If euthanasia were to become legal, should someone suffering from depression ever have access to it? I don’t think its trivial to justify why the answer should always be no.
To continue with the comparsion comparison to terminal cancer:
* Depressed people, like cancer sufferers, often (not always) want to die to ease their own suffering. There doesn’t seem to me any decent philosophical case to argue for the morality of asking people to tolerate anguish just because it happens to result from “mental” illness as opposed to “physical”.
* Most depression, unlike cancer, is eminently treatable, and often transient (even in the absence of treatement). However, cases of cancer with even the grimmest of prognosis sometimes go into remission; and major depressive disorder, which effects a small minority of the population, is (by definition) not transient. There is no cure, and in the worst cases existing treatments do little if anything to ease suffering. Indeed chronic mental illnesses such as MDD and related disorders are ALL “terminal illnesses” – they are conditions that contribute to morbidity and which, having being diagnosed, you are guaranteed to die with (by definition, these disorders don’t ever go into remission, because we don’t know what that would actually mean due to our poor understanding of them.)
* You can argue that depressed people are incapable of giving informed consent to euthanasia, because (again, by definition) they have an impaired mental state. And, once again, I don’t see it as obvious that someone suffering agonising pain has a “less” impaired mental state than someone who is deeply depressed.
So I think a lot of the intuition concerning the teenager versus the retiree in the example actually comes down to the retiree simply being older, and therefore we think their judgement of the issue is sounder (which I think is actually quite a reasonable point for reasons I won’t go into right now.)
Where does that leave depressed 65 year olds, then?

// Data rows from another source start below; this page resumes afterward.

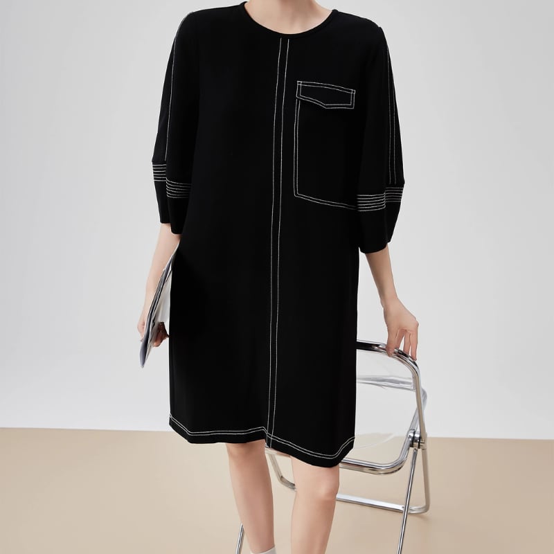 洗練された大人のための、ステッチアクセントドレス。
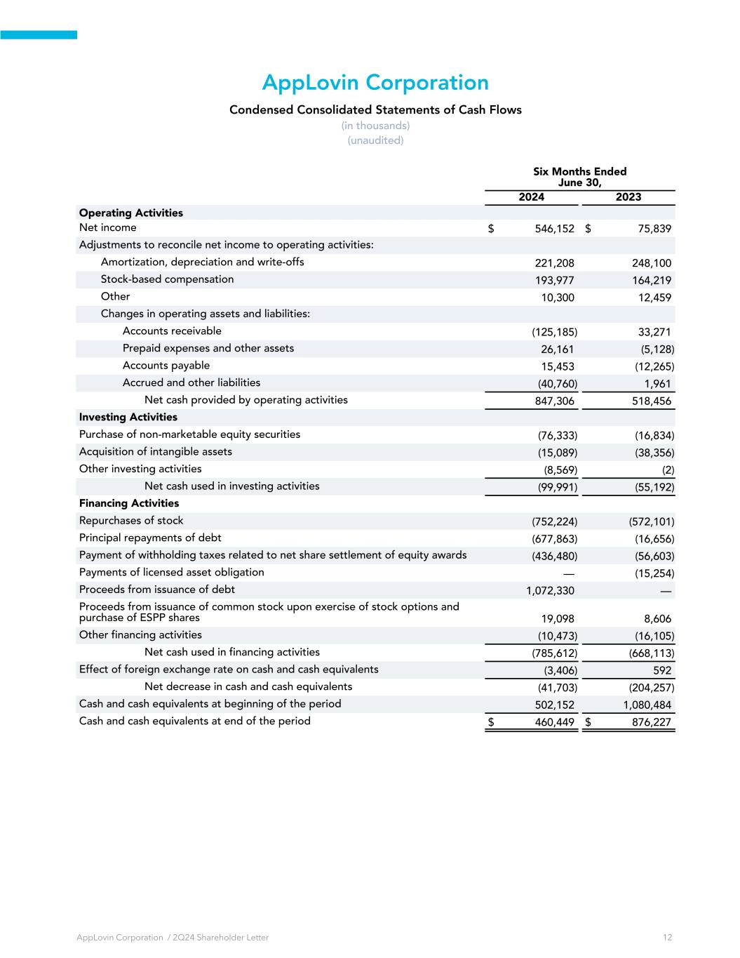 AppLovin Corporation Condensed Consolidated Statements of Cash Flows (in thousands) (unaudited) Six Months Ended June 30, 2024 2023 Operating Activities Net income $ 546,152 $ 75,839 Adjustments to reconcile net income to operating activities: Amortization, depreciation and write-offs 221,208 248,100 Stock-based compensation 193,977 164,219 Other 10,300 12,459 Changes in operating assets and liabilities: Accounts receivable (125,185) 33,271 Prepaid expenses and other assets 26,161 (5,128) Accounts payable 15,453 (12,265) Accrued and other liabilities (40,760) 1,961 Net cash provided by operating activities 847,306 518,456 Investing Activities Purchase of non-marketable equity securities (76,333) (16,834) Acquisition of intangible assets (15,089) (38,356) Other investing activities (8,569) (2) Net cash used in investing activities (99,991) (55,192) Financing Activities Repurchases of stock (752,224) (572,101) Principal repayments of debt (677,863) (16,656) Payment of withholding taxes related to net share settlement of equity awards (436,480) (56,603) Payments of licensed asset obligation — (15,254) Proceeds from issuance of debt 1,072,330 — Proceeds from issuance of common stock upon exercise of stock options and purchase of ESPP shares 19,098 8,606 Other financing activities (10,473) (16,105) Net cash used in financing activities (785,612) (668,113) Effect of foreign exchange rate on cash and cash equivalents (3,406) 592 Net decrease in cash and cash equivalents (41,703) (204,257) Cash and cash equivalents at beginning of the period 502,152 1,080,484 Cash and cash equivalents at end of the period $ 460,449 $ 876,227 AppLovin Corporation / 2Q24 Shareholder Letter 12
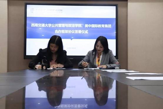 2019年10月24日14:00,公司与美中国际教育集团于公司九里校区01313举行合作框架签署仪式。美中国际教育集团副总经理谭静女士、公司党委书记高凡教授、党委余小英副书记等嘉宾参加本次活动。
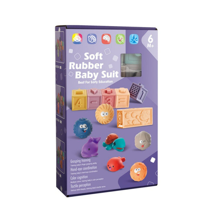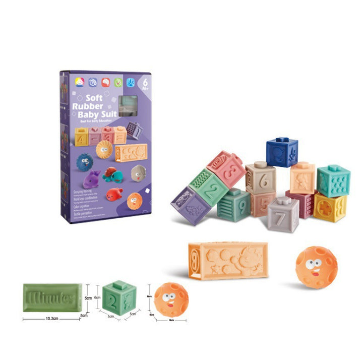 Cross-border export baby soft rubber building block educational toys animal digital building ...
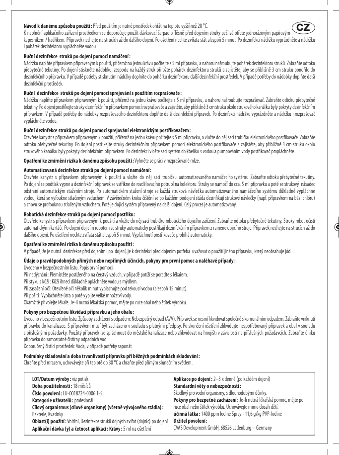 - poskytuje dlouhodobou dezinfekční ochranu mezi jednotlivými dojeními
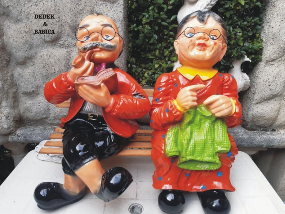 DEKORATIVNA FIGURA DEDEK IN BABICA. MATERIAL: POLYRESIN - UMETNA MASA. VIŠINA 63 CM, KLOP IZ LESA - 75 CM. FIGURA JE KVALITETNO IZDELANA. PRIMERNA ZA NOTRANJO, KOT ZUNANJO DEKORACIJO DVORIŠČE, VRT....
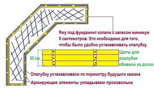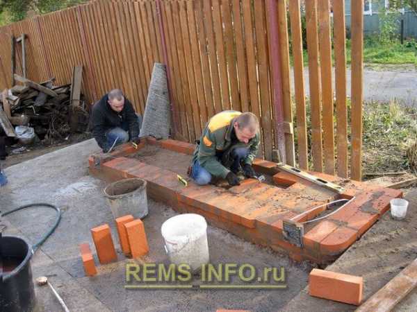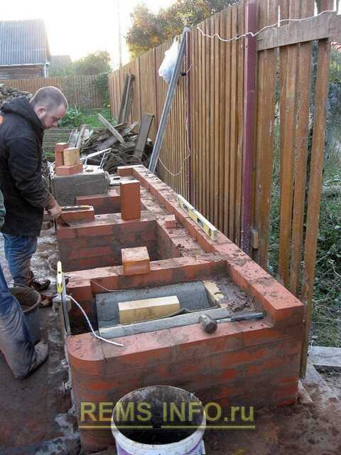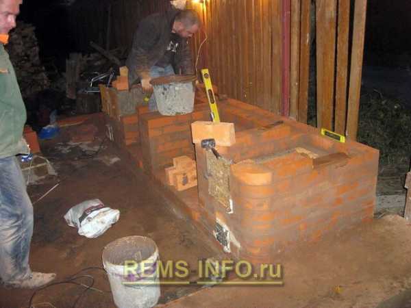 Любите готовить шашлыки и другую пищу на свежем воздухе, но до сих пор не имеете собственного барбекю? Предлагаем вам прямо сейчас исправить сложившуюся ситуацию! Изучив следующую инструкцию, вы узнаете, в какой последовательности выкладывается полноценная садовая печь, а представленные схемы помогут вам досконально разобраться во всех нюансах технологии. Печь барбекю своими руками Содержание статьи Начните с подготовки материалов. Вам понадобится: Необходимое количество исходных материалов подбирайте в соответствии с выбранными габаритами будущей печи. Схема барбекю Подготовьте проект печи. В этом руководстве рассматривается процесс возведения полноценного комплекса для приготовления пищи, укомплектованного разделочной столешницей и мойкой. Если раковина и стол вам не нужны, просто исключите из инструкции этапы, связанные с их обустройством. Выберите подходящее место для барбекю. В первую очередь, вам должно быть удобно пользоваться печью. Выбираем место для печи Важно! Если рядом с выбранной площадкой растут высокие деревья, убедитесь, что их ветви не будут находиться в непосредственной близости с будущим дымоходом. В противном случае обрежьте ветки, иначе они сгорят. Печь не должна примыкать своей задней стенкой к каким-либо постройкам. В процессе эксплуатации барбекю кирпич будет очень сильно прогреваться, что не лучшим образом отразится на состоянии примыкающих строений – они могут попросту сгореть. Далее представлены схемы с указанием габаритных размеров. Можете взять их в качестве основы, но параметр А лучше увеличить до 1,5 м. Барбекю своими руками чертеж Схема расположения камина Где лучше разместить раковину Обустройство фундамента Печь будет иметь сравнительно небольшую массу. Ее отлично выдержит армированный фундамент толщиной порядка 20 см. Для заливки оптимально подойдет бетон М100. Первый шаг. Разметьте площадку под фундамент. Делайте это с помощью колышков (металлических прутков, обрезков труб) и бечевки (шнура, веревки и пр.). Второй шаг. Выройте котлован по периметру основания. Рекомендованная глубина – порядка 30-35 см. Обязательно сделайте 5-сантиметровый запас по ширине ямы. Третий шаг. Засыпьте дно углубления песчано-гравийной смесью и тщательно ее уплотните. Четвертый шаг. Сделайте опалубку. Чтобы было удобнее, предварительно соберите из досок щиты шириной 30-35 см. Длину подбирайте по размерам сторон основания. Элементы опалубки установите по периметру котлована. Пятый шаг. Уложите арматуру в опалубку. Лучше всего использовать стальные прутки диаметром 1 см. Шестой шаг. Залейте бетон. Приступать к дальнейшим работам можно через 3-4 дня после заливки фундамента. Уложите на фундамент двойной слой рубероида. Он возьмет на себя функции гидроизоляции и обеспечит надежную защиту стенок садовой печи от влаги из грунта. Пример строительства барбекю Пример строительства барбекю Пример строительства барбекю Выберите форму проемов барбекю. Если вы хотите делать прямоугольные проемы, подберите материал для обустройства перемычек. Подойдет железный уголок. Если же проем будет оформлен в виде арки, заранее сделайте шаблон для выкладывания свода. Для изготовления шаблона используйте доски. Кладка печи Шаблон из досок для арки Как сделать арку Пример строительства барбекю Разобравшись с вышеописанн
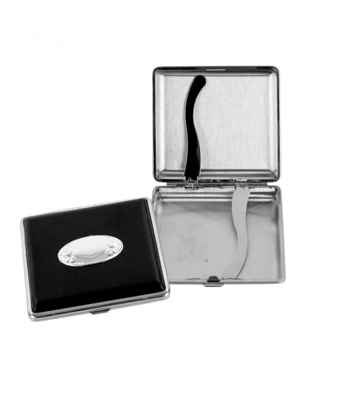 Ταμπακιέρα μαύρη με ασημένιο πλακάκι
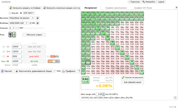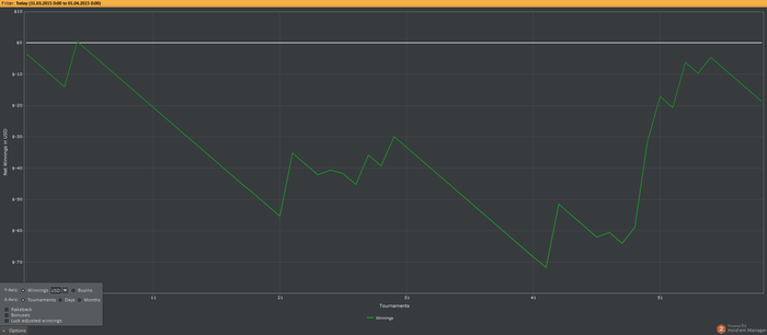 Сыграно: 56 турниров Общий прогресс: 90 турниров из 1500(6%) Утренняя сессия была минусовая. Вечером немного отыгрался, но недобрал баксов 20 точно. Были ошибки на финалках. Вот насмотрелся я стримов от базика в свое время, а на пользу мне это явно не пошло. Ситуация такая: Осталось 4 игрока. У меня стэк 30bb, у остальных 8-12bb. Я вспомнил слова базика: "пушим, так как их эффективный стэк слишком маленький". Ну и стал пихать то что пихал бы при стэке 8-12bb. Вылетел 4м Если бы просто сидел и ждал пока они друг в друга запихнутся, то 2max точно бы себе обеспечил.
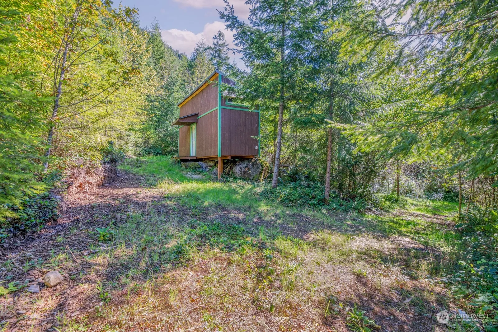 Explore this hidden gem near Dagger Lake. The property is partially cleared and features an old cabin, a shed, and a tiny home that’s partially finished. It includes a composite toilet but still requires solar installation and some finishing touches. This is an ideal spot for a peaceful retreat, or off-grid living!
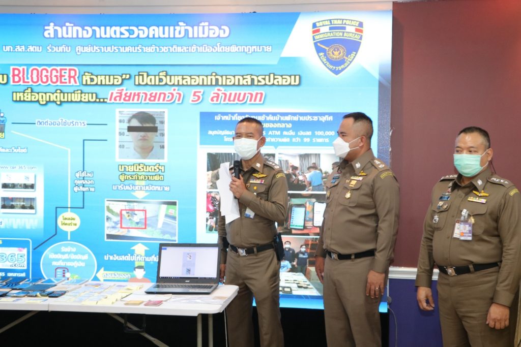 ตม.2,พ.ต.อ.ภัคพงศ์ สายอุบล รอง ผบก.ตม.1,พ.ต.อ.ชย พานะกิจ ผกก.(สอบสวน) กลุ่มงานสอบสวน บก.สส.สตม. และเจ้าหน้าที่ตำรวจ บก.สส.สตม. ร่วมกับเจ้าหน้าที่ ศปชก.สตม. ร่วมแถลงข่าวผลการจับกุมคนร้าย คือนายนิรันดร์ฯ อายุ 49 ปี สัญชาติไทย ในข้อหา “มีไว้เพื่อนำออกใช้ซึ่งบัตรอิเล็กทรอนิกส์ของผู้อื่นโดยมิชอบในประการที่น่าจะก่อให้เกิดความเสียหายแก่ผู้อื่นหรือประชาชน,นำเข้าสู่ระบบคอมพิวเตอร์ซึ่งข้อมูลคอมพิวเตอร์ที่บิดเบือน หรือปลอมไม่ว่าทั้งหมดหรือบางส่วน หรือข้อมูลคอมพิวเตอร์อันเป็นเท็จ โดยประการที่น่าจะเกิดความเสียหายแก่ประชาชน และฉ้อโกงประชาชน”
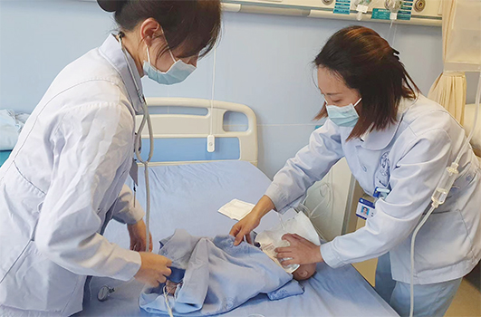 產(chǎn)科一區(qū)模擬715床家屬懷抱新生兒呼救:“老師,我的娃兒喂奶后嗆奶,現(xiàn)在沒有反應了”。值班護士意識到是新生兒嗆奶引起窒息,隨即一邊行“海姆立克” 急救法, 一邊大聲向值班醫(yī)師呼救,同時將新生兒抱至搶救室。值班人員迅速到位,通過吸痰、正壓通氣、胸外心臟按壓、心電監(jiān)護等一系列搶救措施,新生兒轉(zhuǎn)危為安,轉(zhuǎn)至新生兒科病房觀察治療。
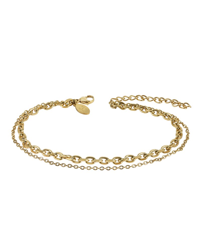 Snygg vristlänk av 2 st ankarkedjor i 14k guldpläterat stål, en tunnare och en bredare flackslipad.
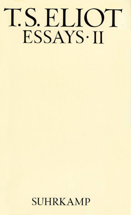 Die drei Stimmen der Dichtung. (Deutsch von Helene Ritzerfeld). Vers und Drama. (Deutsch von H.H. Schaeder). Dante. (Deutsch von H.H. Schaeder). Christopher Marlowe. (Deutsch von Hans Hennecke). Hamlet. (Deutsch von H.H. Schaeder). Shakespeares Verskunst. (Deutsch von Gerhard Hensel). Ben Jonson. (Deutsch von Ursula Clemen). Milton. (Deutsch von H.H. Schaeder). Johnson als Kritiker und Dichter. (Deutsch von Ellen Sckommodau). William Blake. (Deutsch von Hans Hennecke). Shelley und Keats. (Deutsch von Hans Hennecke). Baudelaire. (Deutsch von H.H. Schaeder). Yeats. (Deutsch von Hans Hennecke). Von Poe zu Valéry. (Deutsch von H.H. Schaeder). Ezra Pound: Seine Metrik und Dichtung. (Deutsch von Ulrich Keller). Ulysses, Ordnung und Mythos. (Deutsch von Armin P. und Mechthild Frank). Goethe der Weise. (Deutsch von Ursula Clemen).
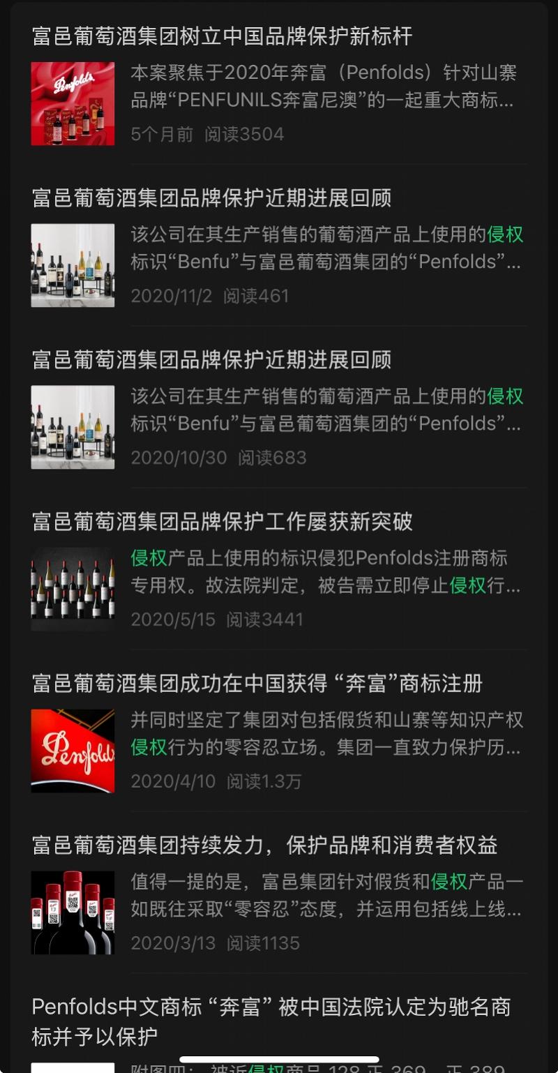 2020年及更早之前,富邑葡萄酒在其微信公众号上会经常发布其商标及打击侵权信息。(截图来源:富邑葡萄酒微信公众号)

There are only really two things that I think clearly tell the two conditions apart. First, that many 40 year olds will express a desire to be euthanised if they later go on to develop cancer; so they make this same judgement when there’s no possible argument about “soundness of mind”. Whereas in most cases I think someone not yet depressed would probably prefer that in future they be medicated rather than killed if they were to go on to develop depression.
The second and most critical difference is how it affects the surviving loved ones of the person. I think many people could understand their spouse/parent/sibling etc wanting to die if they had cancer, but not depression. This is related to the above.
Personally, I think this is actually an empathy problem – because “there’s nothing actually wrong with you”, people feel you wanting to escape your suffering (even if that involves leaving them behind) is more selfish, somehow. I’m not sure its an entirely fair judgement, but it certainly has to be accounted for.
What’s wrong with asking for euthanasia because you don’t want to be a burden? That seems like a pretty genuine, selfless reason to me.